There’s little by way of relief. No joy, no episode like Season 2’s “Forks,” where Richie found transcendence in attention to detail and a Taylor Swift–scored realization of purpose. Even the food—where the show’s genuine fascination with cooking as a creative art has shone spectacularly—is hardly noted. In another flashback, the American restaurateur Thomas Keller talks to Carmy about the legacies that restaurant kitchens create, via a family tree of chefs taking what they’ve learned out into their own kitchens. But all Carmy is passing on to his chefs at the moment is panic disorder and peptic ulcers. And in The Bear’s commitment to rendering his haunted frame of mind, it ends up feeling similarly static and repetitive, caught in a loop the same way he is.

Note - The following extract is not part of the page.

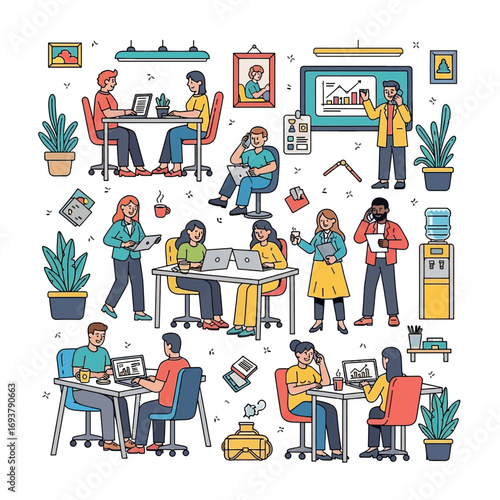Vector set of radio studio workers, musicians and singers creating content for live and recorded programmes. Radio people symbols, icons isolated on white background. Flat style design.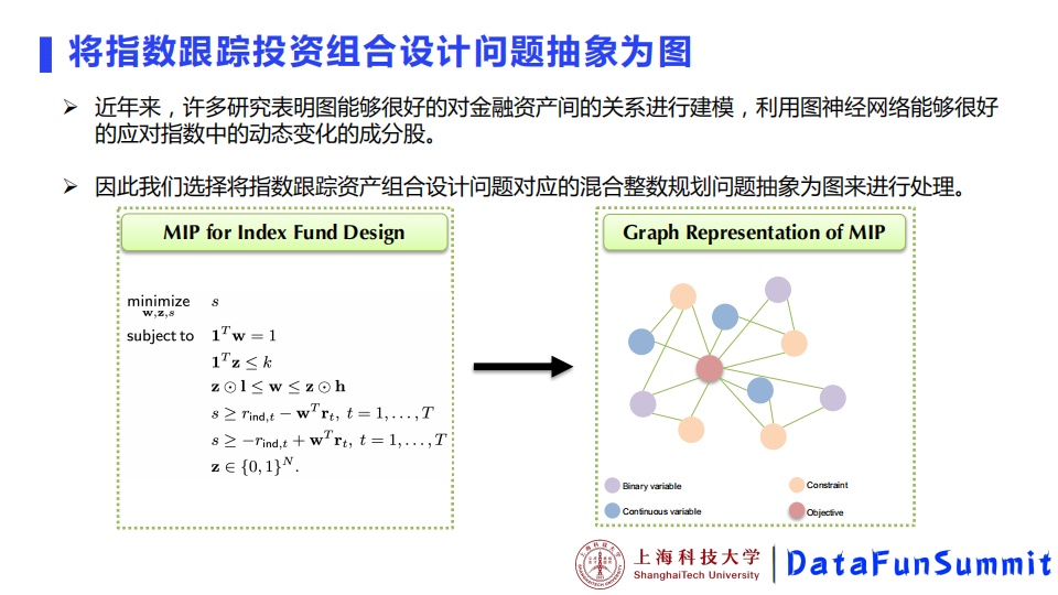所以前面资产组合配置的问题,或者混合整数规划的问题,最后就变成了通过图网络进行分类的问题,一个二分类的问题,选与不选。

There’s still a good amount to admire this season, just not much to enjoy. Edebiri and Moss-Bachrach are producing some of the best scenes of silent anguish on television since Jeremy Strong in Succession, though they’re underserved by the story’s backward focus. But “Ice Chips,” in which Natalie prepares to give birth while confronting her mother about aspects of her childhood that she refuses to repeat with her own child, hints at how the show could approach its announced but unscheduled fourth season. “I don’t want her scared like I was scared,” Natalie says of her daughter. “I just don’t want her to feel the way that I felt.” In the parenting realm, this impulse is called “breaking the cycle”: intentionally abandoning the discipline and coping mechanisms you might have absorbed as a child and instead offering your own children acceptance and unfailing emotional support. As a practice, it applies to Carmy, too, who realizes he’s failing catastrophically as a leader and mentor but is unable to do anything about it. “If I were gonna leave something behind, I would want it to be panic-less, anxiety-free,” he tells Marcus (Lionel Boyce) in the episode “Legacy.” “To make it good, I would have to filter out all the bad.” There’s still reason to hope that in Season 4, he can pull it off.